<<<<
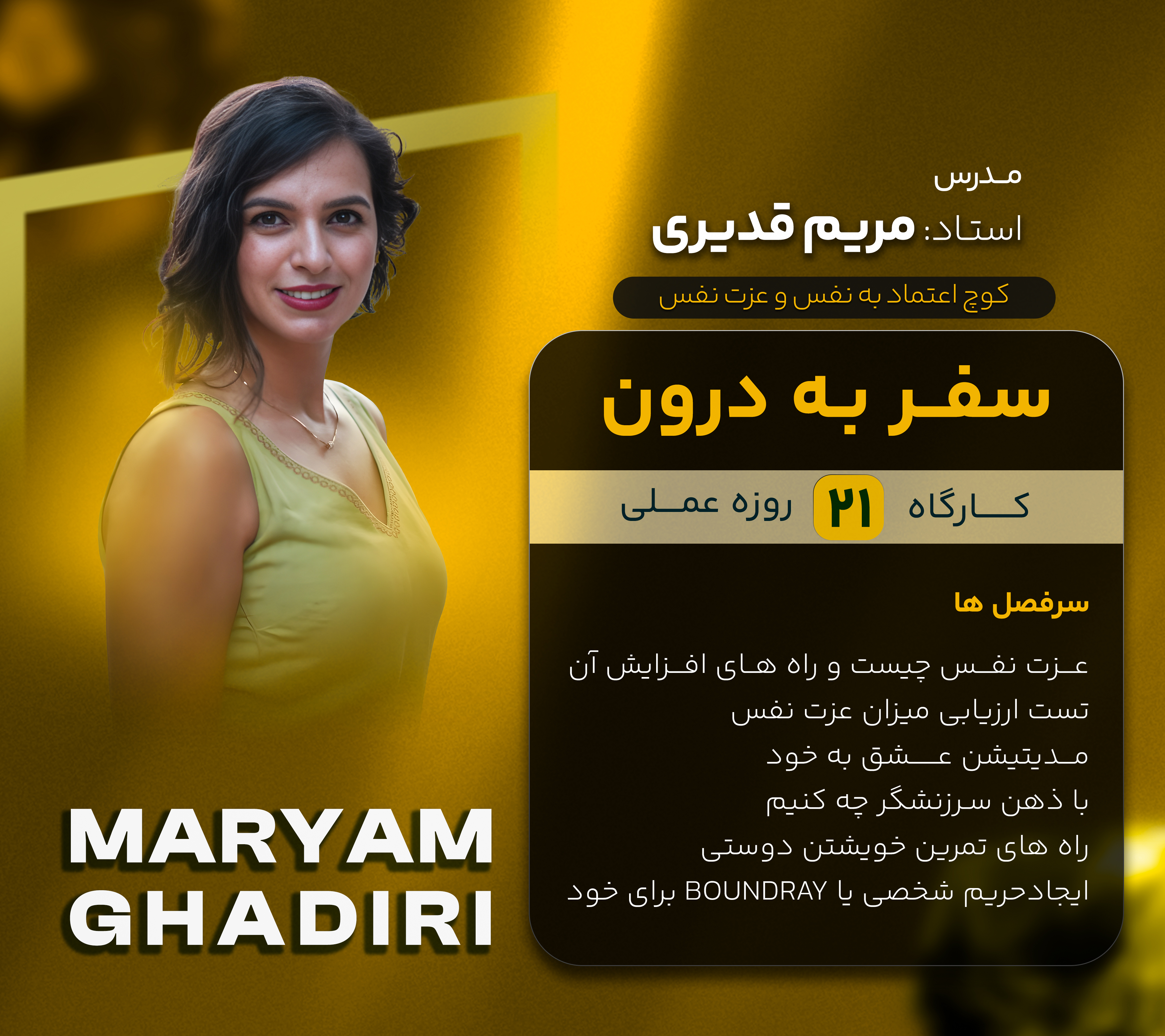 در این کارگاه 21 روزه شما بصورت عملی با تمرین ها و فایل های صوتی و تصویری راه های افزایش عزت نفس را مرور میکنید و در سه جلسه ی آنلاین کوچینگ با دکتر مریم قدیری راه های خویشتن دوستی را تمرین میکنید.
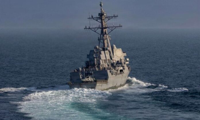 ويُسمع في التسجيل صوت ضابط إيراني يوجه تحذيرا للسفينة الأمريكية من دخول مضيق هرمز والعودة إلى المحيط الهندي وإلا سيتم استهدافها.
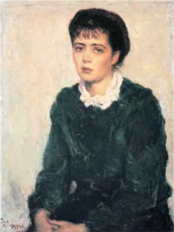 Виктор Орешников. «Псковитянка». Задумчивая русская женщина. Тонкие черты лица северянки. Она молчит. Только ее глаза, чуть раскосые, немного печально глядят куда-то далекодалеко. Простой сарафан. Скромный платок. Руки спокойно лежат на коленях. Светлая гамма холста, тишина, царящая около прекрасной псковитянки, где-то сливаются с обертонами мыль-никовской «Тишины». Картина не взывает, не орет, не пытается кого-то поразить… И однако, около этого портрета все время собирался народ.
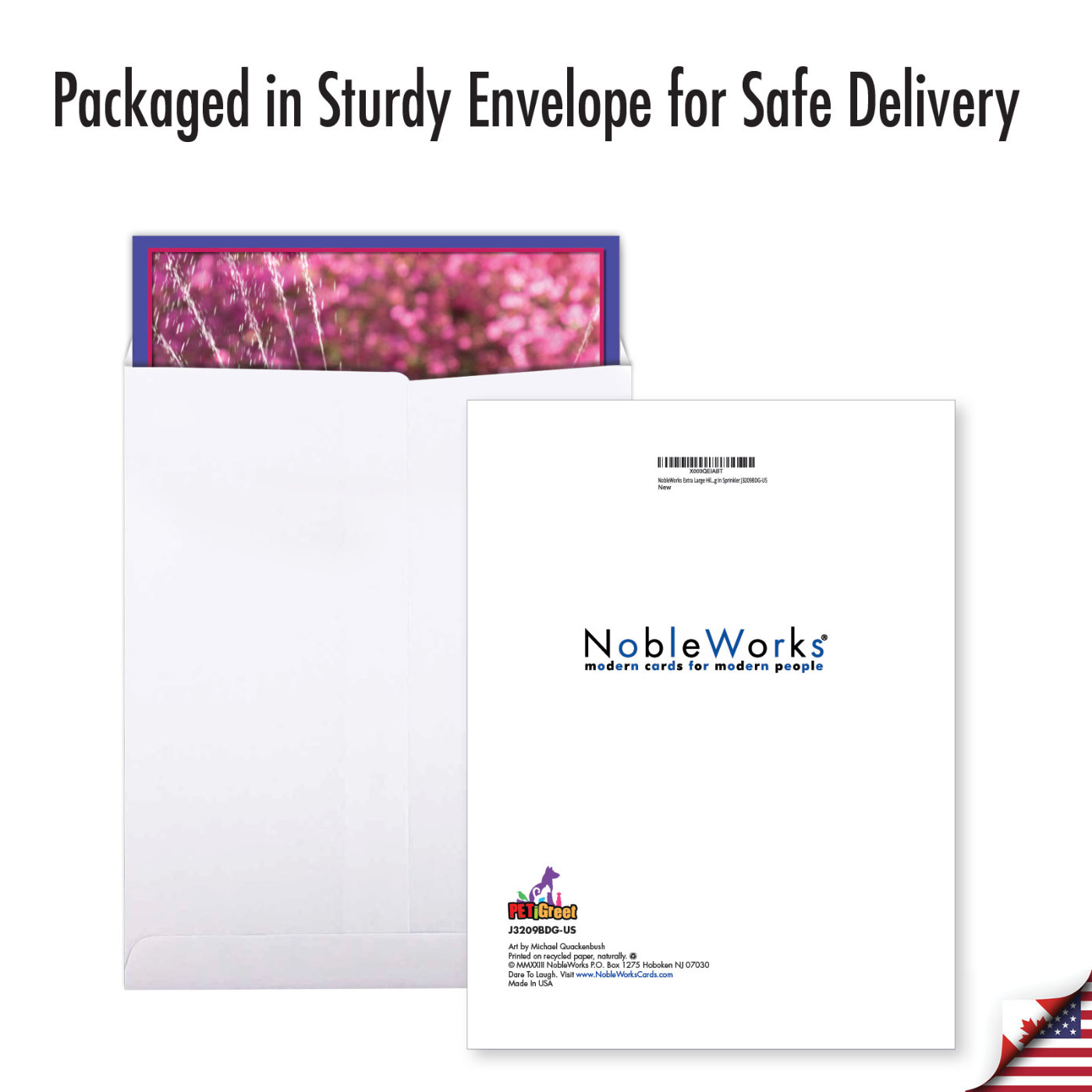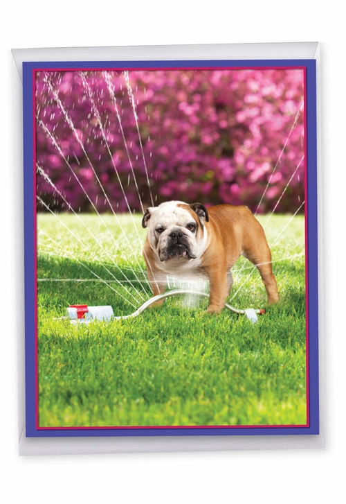Is the mutt pictured here in heat? Or just experiencing another epic hot flash at its advanced age? Either or any way, this cute, colorful, wet, wacky, funny pooch giant card will turn up the gigantic good cheer at anyone's big Birthday party. A brown and white bulldog is hugely humorously pictured basking in the cooling waters of a lawn sprinkler, on green grass, with a bright pink flowered bush in the background.
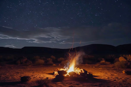 A campfire surrounded by sand dunes under a starry sky in the desert. Generative AI
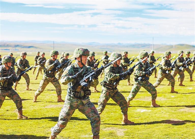 那曲市2025年度“軍事日”活動日前在那曲軍分區(qū)某訓(xùn)練場舉行。這是官兵們在進行軍事科目演示。記者 萬靖 攝
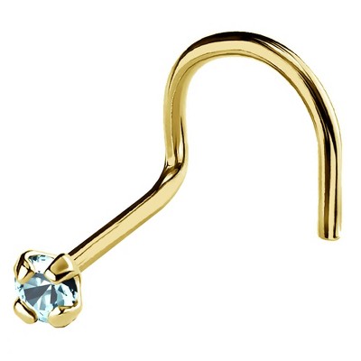Expertly crafted from 14k gold, this 22g Corkscrew nose ring stud features natural round Aquamarines ranging from 1.5mm to 3mm in size. Sleek and stylish, this Aquamarine nose ring adds a touch of elegance to your look while staying securely in place. Upgrade your accessory game with this Aquamarine stud. March birthstone nose stud, a perfect gift for yourself or a loved one
>>>>
* [Work task]: What is needed is the whole listing again, set down exactly, without its pictures.

* [Exercise response]:
 در این کارگاه 21 روزه شما بصورت عملی با تمرین ها و فایل های صوتی و تصویری راه های افزایش عزت نفس را مرور میکنید و در سه جلسه ی آنلاین کوچینگ با دکتر مریم قدیری راه های خویشتن دوستی را تمرین میکنید.
 ويُسمع في التسجيل صوت ضابط إيراني يوجه تحذيرا للسفينة الأمريكية من دخول مضيق هرمز والعودة إلى المحيط الهندي وإلا سيتم استهدافها.
 Виктор Орешников. «Псковитянка». Задумчивая русская женщина. Тонкие черты лица северянки. Она молчит. Только ее глаза, чуть раскосые, немного печально глядят куда-то далекодалеко. Простой сарафан. Скромный платок. Руки спокойно лежат на коленях. Светлая гамма холста, тишина, царящая около прекрасной псковитянки, где-то сливаются с обертонами мыль-никовской «Тишины». Картина не взывает, не орет, не пытается кого-то поразить… И однако, около этого портрета все время собирался народ.
Is the mutt pictured here in heat? Or just experiencing another epic hot flash at its advanced age? Either or any way, this cute, colorful, wet, wacky, funny pooch giant card will turn up the gigantic good cheer at anyone's big Birthday party. A brown and white bulldog is hugely humorously pictured basking in the cooling waters of a lawn sprinkler, on green grass, with a bright pink flowered bush in the background.
 A campfire surrounded by sand dunes under a starry sky in the desert. Generative AI
 那曲市2025年度“軍事日”活動日前在那曲軍分區(qū)某訓(xùn)練場舉行。這是官兵們在進行軍事科目演示。記者 萬靖 攝
Expertly crafted from 14k gold, this 22g Corkscrew nose ring stud features natural round Aquamarines ranging from 1.5mm to 3mm in size. Sleek and stylish, this Aquamarine nose ring adds a touch of elegance to your look while staying securely in place. Upgrade your accessory game with this Aquamarine stud. March birthstone nose stud, a perfect gift for yourself or a loved one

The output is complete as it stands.